How to safely create unique indexes in PostgreSQL

Dovetail Engineering

Published in

Dovetail Engineering

5 min readMay 23, 2023

By Anna Zhirnova — Software Engineer

Intro

Did you know that if you add a unique constraint to an existing PostgreSQL table you could lock the database for hours, impacting 1000s of user sessions, causing request timeouts, and increasing error rates? This blog is here to help you do it in a safe way. We’ll cover why to add indexes and constraints to existing tables in the first place, the many things that can go wrong, and how to deal with them. While this blog focuses on unique indexes/constraints, most of the content applies to other indexes and constraints.

📚 This blog is part of a series about PostgreSQL migration best practices. Stay tuned for more content coming soon!

Why add a unique index in the first place?

You may want to add a unique index to an existing table to improve query performance, enforce uniqueness, and/or support upserts. Say you have a many-to-many join table reference_count(document_id, object_id, count), and you want to be able to upsert records to easily update count:

INSERT INTO 
	reference_count (document_id, object_id, count) 
VALUES 
	(...) 
ON CONFLICT (document_id, object_id) DO UPDATE;

In this case, our unique identifier is (document_id, object_id) which requires us to add a unique index on these two columns — so if we want to support upserts after creating that table, we need to add the corresponding index.

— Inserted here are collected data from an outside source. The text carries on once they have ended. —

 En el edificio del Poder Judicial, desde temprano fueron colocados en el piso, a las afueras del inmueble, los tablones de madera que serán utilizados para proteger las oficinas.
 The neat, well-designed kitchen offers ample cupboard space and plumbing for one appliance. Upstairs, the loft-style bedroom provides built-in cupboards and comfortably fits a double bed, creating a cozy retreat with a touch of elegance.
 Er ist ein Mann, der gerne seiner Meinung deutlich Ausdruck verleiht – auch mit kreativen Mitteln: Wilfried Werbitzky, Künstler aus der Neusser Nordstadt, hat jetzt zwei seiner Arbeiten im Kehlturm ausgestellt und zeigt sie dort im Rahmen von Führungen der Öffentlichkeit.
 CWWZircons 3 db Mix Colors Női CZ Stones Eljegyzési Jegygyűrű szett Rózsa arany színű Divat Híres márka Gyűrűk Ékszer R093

📚 An upsert is a piece of DB functionality that allows one to create a new database row or update an existing row based on a unique identifier where the identifier consists of one or more columns. In PostgreSQL, this is achieved by using ON CONFLICT DO UPDATE which requires us to have a unique index matching that identifier. Read more in this section of Postgres docs.

Attempt 1 - Creating a unique index

Looking at PostgreSQL documentation, you could just use the statement below to create a new unique index.

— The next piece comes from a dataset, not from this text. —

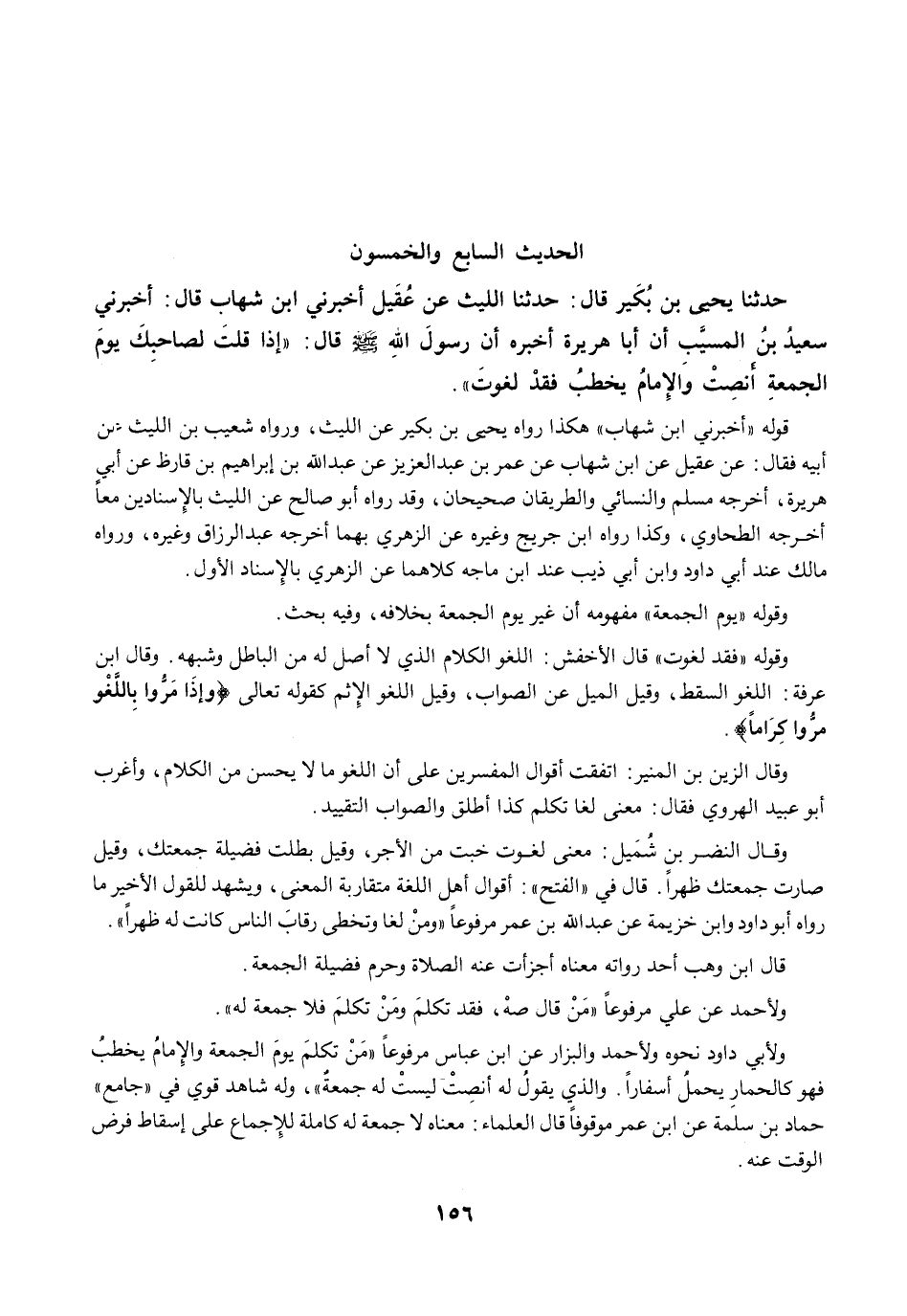 حَدَّثَنَا يَحْيَى بْنُ بُكَيْرٍ قَالَ: حَدَّثَنَا اللَّيْثُ عَنْ عُقَيْلٍ أَخْبَرَنِي ابْنِ شِهَابٍ قَالَ: أَخْبَرَنِي سَعِيدُ بْنُ الْمُسَيَّبِ أَنَّ أَبَا هُرَيْرَةَ أَخْبَرَهُ أَنَّ رَسُولَ اللَّهِ -صلى الله عليه وسلم- قَالَ: "إِذَا قُلْتَ لِصَاحِبِكَ يَوْمَ الْجُمُعَةِ أَنْصِتْ. وَالإِمَامُ يَخْطُبُ فَقَدْ لَغَوْتَ".

CREATE UNIQUE INDEX reference_count_unique_index 
	ON reference_count (document_id, object_id);

I wish it were that simple! In a production environment, this approach can lead to delayed user requests or, at worst, request timeouts and increased error rates. Larger tables can take hours to get indexed - imagine locking a table for that long 😱

That happens because PostgreSQL needs to scan the whole table to build out the index, and it takes a write lock on it for the whole duration of the scan. That means that while this transaction runs, all writes to this table will be blocked. On top of that, taking a table-wide write lock can exacerbate migration deadlocks.

So what else can we try?

Attempt 2 - Creating a unique index concurrently

The next stop on the index creation journey is creating an index concurrently, which doesn’t take a write lock on the table and avoids increasing latency and causing deadlocks. Note that it still takes a SHARE UPDATE EXCLUSIVE lock, which will prevent any changes to the schema while the index is being built.

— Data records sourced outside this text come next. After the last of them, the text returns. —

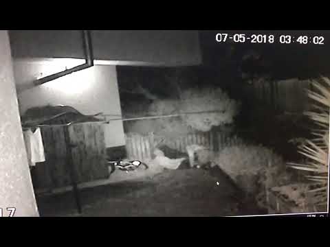 The video, dated 7 May, shows two suspects crawling across the lawn on all fours just before 4am.
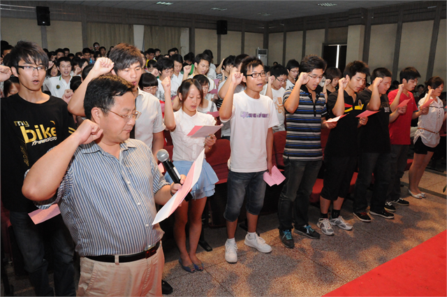 院长、党委副书记周伟灿同志领誓,新党员在党旗下庄严宣誓
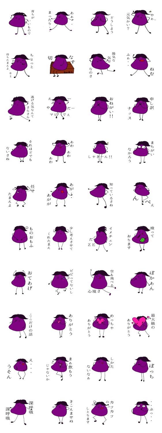 スタンプ説明 日常会話に使いやすいスタンプです。丸々した茄子をちょいちょい使ってみてはいかがだろうか。
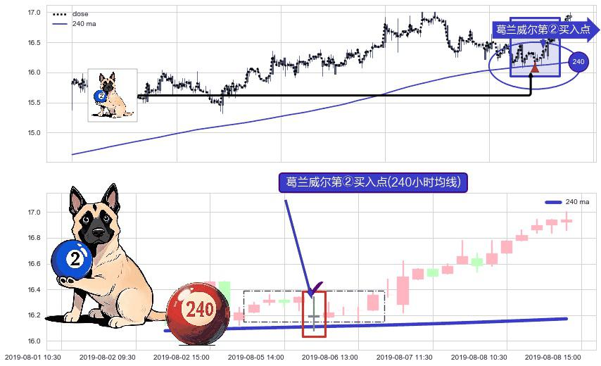 形态多维评估: ⚀ 2019-08-06 09:30:00-小时显现 葛兰威尔均线 240小时均线 第②买入点 上升趋势的中继信号,后市看涨,买进信号
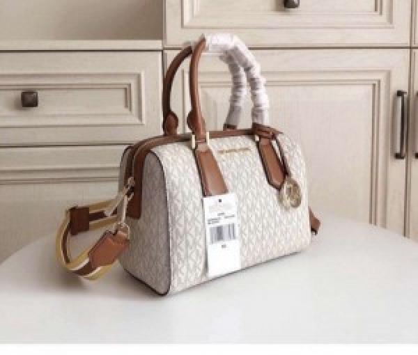 Michael_Kors Cynthia Signature Satchel Bag With Dust Bag (Apricot)
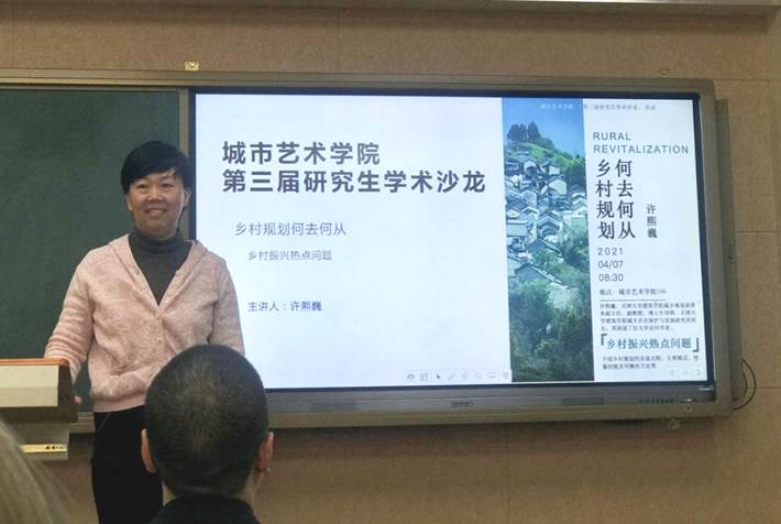 在互动答疑环节,许熙巍结合乡村规划经验与特色小镇发展现状为同学们答疑解惑,鼓励同学们发挥城市艺术设计特色,关注乡村品牌运营与产品设计开发,借助乡村成功运营模式做深入思考和研究,切实提升自我思辨能力与学术水平。

CREATE UNIQUE INDEX CONCURRENTLY reference_count_unique_index 
	ON reference_count (document_id, object_id);

This method is significantly slower than building the index synchronously, but what it lacks in speed it makes up in safety. However, even this method isn’t bulletproof and you could see the following error next time you’re trying to use your seemingly successfully created index:

ALTER TABLE reference_count
	ADD CONSTRAINT reference_count_unique UNIQUE 
	USING INDEX reference_count_unique_index;

ERROR: [FAILED] index "reference_count_unique_index" is not valid

So what happened here? First, let’s walk through concurrent index creation step-by-step and see how it manages to create an index without grabbing a write lock:

An index is created and marked invalid
Scan the table and builds the index without acquiring a write lock
Postgres waits for all transactions that require a snapshot of the table to finish
Run another scan to make sure the index is still valid
The index is marked valid and is ready for use

Now, let’s have a look at the failure modes. The first one is deadlocks - they can happen at any point during the migration. The second one is the fact that until the index is created, it doesn’t actually enforce uniqueness and duplicates can still be created between the two scans - then, on the second scan, the uniqueness constraint will be violated and the index will not be created.

Did we go through this whole journey only to find out that there is no production-safe and guaranteed way to create indexes on existing tables?! Kind of, but it’s not the end of the world. There are only two failure modes and the good news is, both of them can be prevented!

Preventing migration deadlocks

Migration deadlocks are pesky beasts, but, lucky for you, we are publishing a dedicated article soon to show how to avoid them.

Preventing uniqueness constraint violations

You can guard against uniqueness constraint violations by eliminating the code paths that create duplicates and cleaning up your data before creating an index.

If you can’t prevent duplicates from being created, you’ve already attempted to create an index, or your initial migration failed due to deadlocks, don’t despair and read on.

Attempt 3 - Reindexing manually

If all else fails, you can force the index to re-calculate by manually running the following query:

REINDEX INDEX [CONCURRENTLY] reference_count_unique_index;

You can run the query off-peak and re-index the table synchronously, however, that still takes a write lock and carries a risk of user impact. Luckily, PostgreSQL supports re-indexing concurrently - it’s still quite slow, but sometimes it’s the only option.

📚 Read more on concurrent reindexing here.

Wait, but if we know that building an index concurrently doesn’t guarantee success, how do we know when it fails? Enter the handy query below. Now you can make sure the index creation actually worked 🙌

SELECT relname 
FROM 
	pg_class, pg_index 
WHERE 
	pg_index.indisvalid = false 
	AND pg_index.indexrelid = pg_class.oid;

-- Returns the list of invalid indexes, in this case:
-- 'reference_count_unique_index'

Recap

Alright, so what did we learn beyond the fact that creating unique indexes on existing tables can be a pain in the backside? Hopefully, you’re walking away with a solid understanding of how creating indexes works and what to do when things go wrong:

Creating a unique index synchronously takes heavy table locks and comes with a risk of degrading user experience.
Creating an index concurrently avoids user impact but success is not guaranteed. You can minimize risks by:
– Avoiding migration deadlocks
– Cleaning up your data and any code paths that may create duplicates before creating the index.
Make sure to verify that the index was created successfully!
If the index creation fails, go again - you can choose between the sync and concurrent option.

That’s all folks!